Quan Nguyen

Quan Nguyen is a Python programmer and machine learning enthusiast. He is interested in solving decision-making problems that involve uncertainty. Quan has authored several books on Python programming and scientific computing. He is currently pursuing a PhD in computer science at Washington University in St. Louis, where he does research on Bayesian methods in machine learning.

books by Quan Nguyen

Grokking Bayes

  • MEAP began September 2025
  • Last updated September 2025
  • Publication in Fall 2026 (estimated)
  • ISBN 9781633434516
  • 275 pages (estimated)
  • printed in black & white

Grokking Bayes teaches Bayesianism through clear explanations, rich illustrations, and relatable examples. You’ll first build an intuition, and then translate that intuition into working code with Python tools like the PyMC library and ArviZ package. Along the way, you’ll explore how Bayesian ideas connect to modern AI, from uncertainty-aware deep learning to LLM applications.

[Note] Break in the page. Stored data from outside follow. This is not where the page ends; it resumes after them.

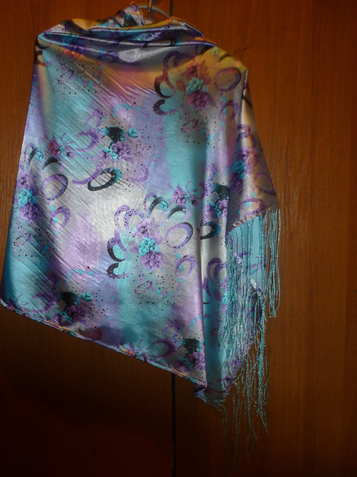 заразившись небезызвестным всем нам вирусом, на днях мне вдруг пришла интересная идея. а почему бы самой не смастерить шелковую шаль? тем более сейчас в магазинах такой выбор! В нашей Калининградской области конкуренции нет, один крупный монополист специализируется на тканях и шторах , и натуральный шелк стоит от 1930 руб за метр(при ширине 145 см), то для начала я решила попробовать на искусственном шелке и смастерила палантин.
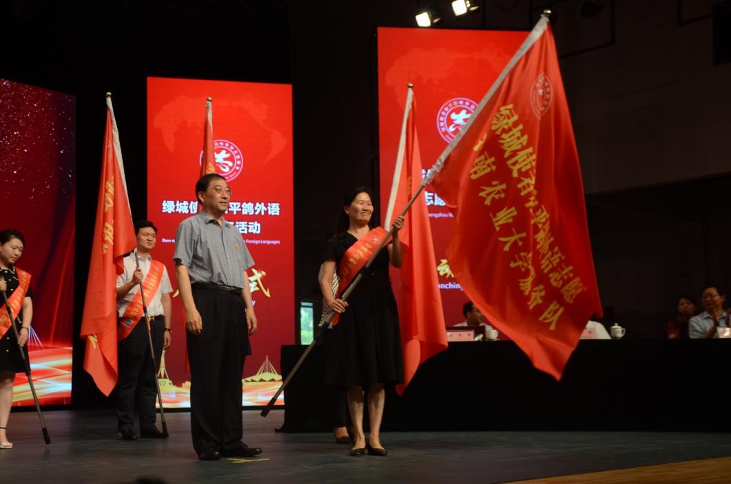 活动由中共郑州市委外事工作委员会办公室主办,以“志愿和平鸽 闪亮国际郑”为主题,旨在贯彻落实《河南省志愿服务条例》,提升服务国际性活动水平,弘扬“奉献、友爱、互助、进步”的志愿者精神。郑州市人大常委会副主任法建强、市政府副市长万正峰等领导嘉宾出席,院长李喜芬教授郑重接过绿城使者和平鸽外语志愿太阳城App 服务队旗帜。
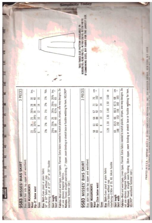 Simplicity 9583 Skirt Size: N 10-12-14 Used Sewing Pattern
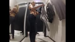 Esta câmera revela muitas das coisas que acontecem nos vestiários das lojas. Essas moças pegam seus dildos para se masturbarem lá.
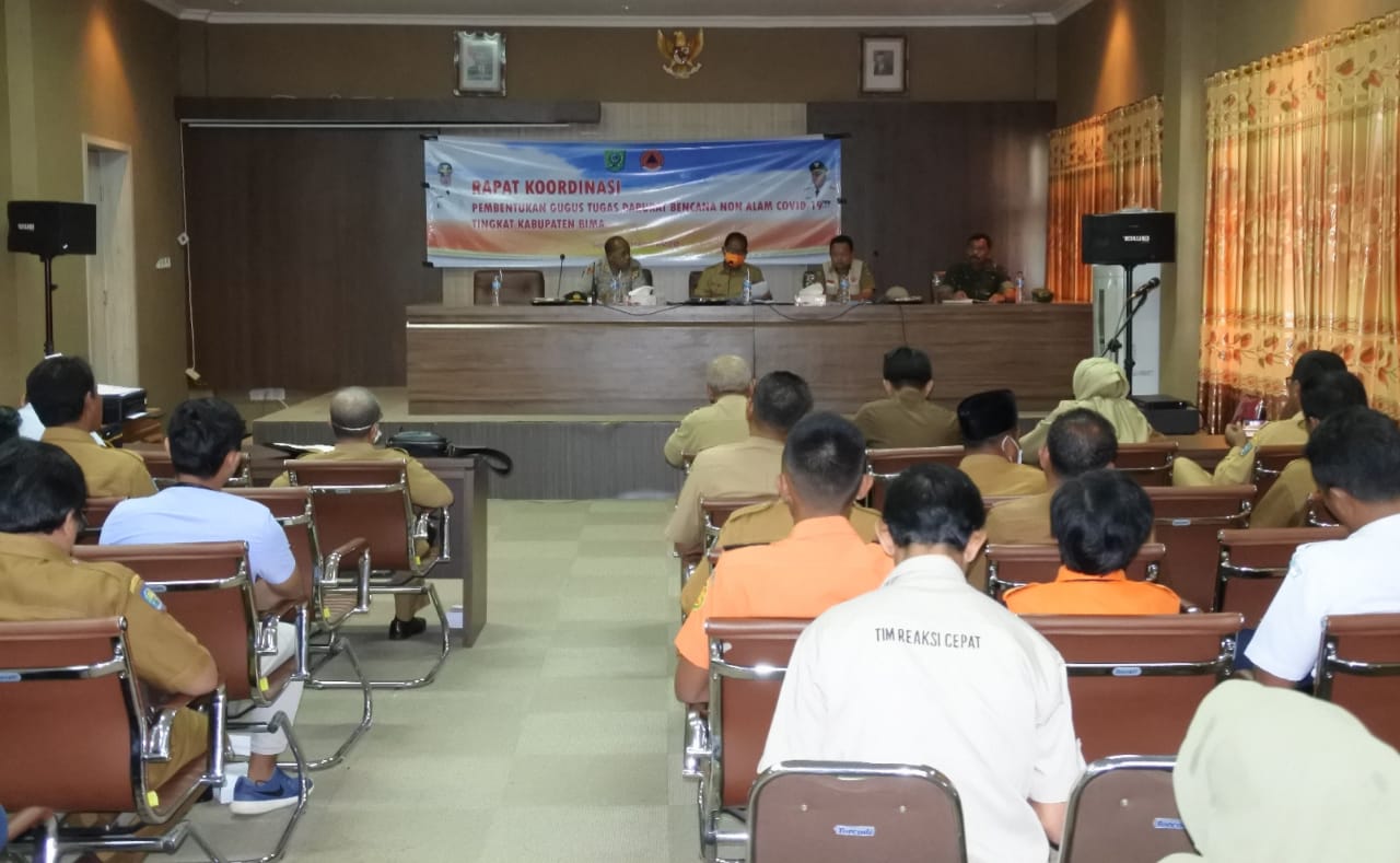 Berita Kab.Bima —- Mengantisipasi meluasnya wabah penyakit Corona Virus Desease (COVID-19) di seluruh wilayah kecamatan, Pemerintah Kabupaten Bima Senin (23/3) mengadakan Rapat Koordinasi (Rakor) Pembentukan Gugus Tugas Bencana Non Alam Covid 19 Tingkat Kabupaten Bima di Ruang Rapat Kantor Bupati Bima.
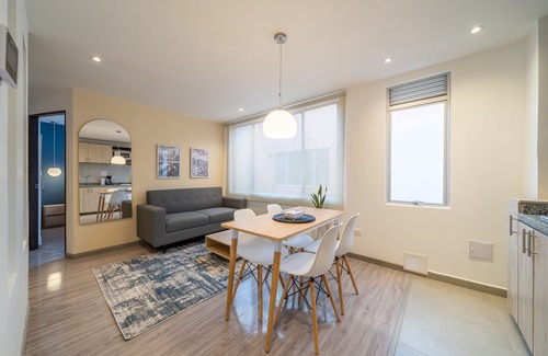 "Anima 64 is an excellent accommodation choice in Bogotá for those seeking a modern and minimalist space for their stay. It is located in Chapinero Alto, close to the city's most popular tourist destinations. The building features 24 apartments, each equipped with everything you need for a comfortable and enjoyable stay. The apartment includes a semi-loft bedroom with a maximum capacity of 4 people."
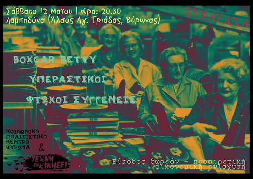 Σας καλούμε όλους και όλες λοιπόν, στη συναυλία που συνδιοργανώνουμε, το Σάββατο 12 Μαϊου στις 8.30 μμ στη Λαμπηδόνα!
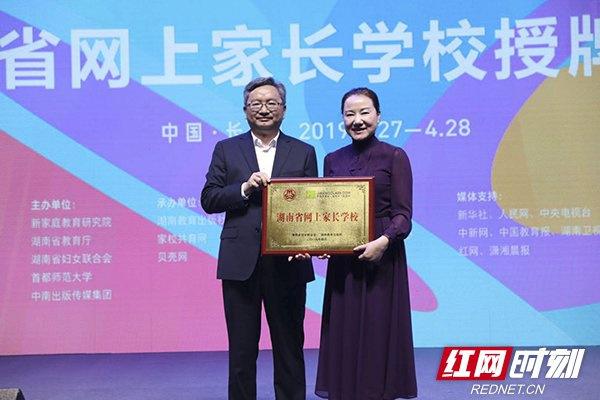 湖南省婦聯(lián)主席、黨委書記姜欣(右)向湖南教育出版社家校共育網(wǎng)授牌,成立“湖南省網(wǎng)上家長(zhǎng)學(xué)校”。

Throughout, the book focuses on the skills for making better decisions: you’ll go from inference, to Bayesian decision theory, and even experimental design. Whether you’re a data scientist, AI practitioner, or curious learner, Grokking Bayes will give you the tools to make smarter decisions without needing to rely on long-run frequencies or reams of data without drowning you in probability theory and abstract math.

Bayesian Optimization in Action

  • September 2023
  • ISBN 9781633439078
  • 424 pages
  • printed in black & white
  • available in Russian, Simplified Chinese

Bayesian Optimization in Action teaches you how to create efficient machine learning processes using a Bayesian approach. In it, you’ll explore practical techniques for training large datasets, hyperparameter tuning, and navigating complex search spaces. This interesting book includes engaging illustrations and fun examples like perfecting coffee sweetness, predicting weather, and even debunking psychic claims. You’ll learn how to navigate multi-objective scenarios, account for decision costs, and tackle pairwise comparisons.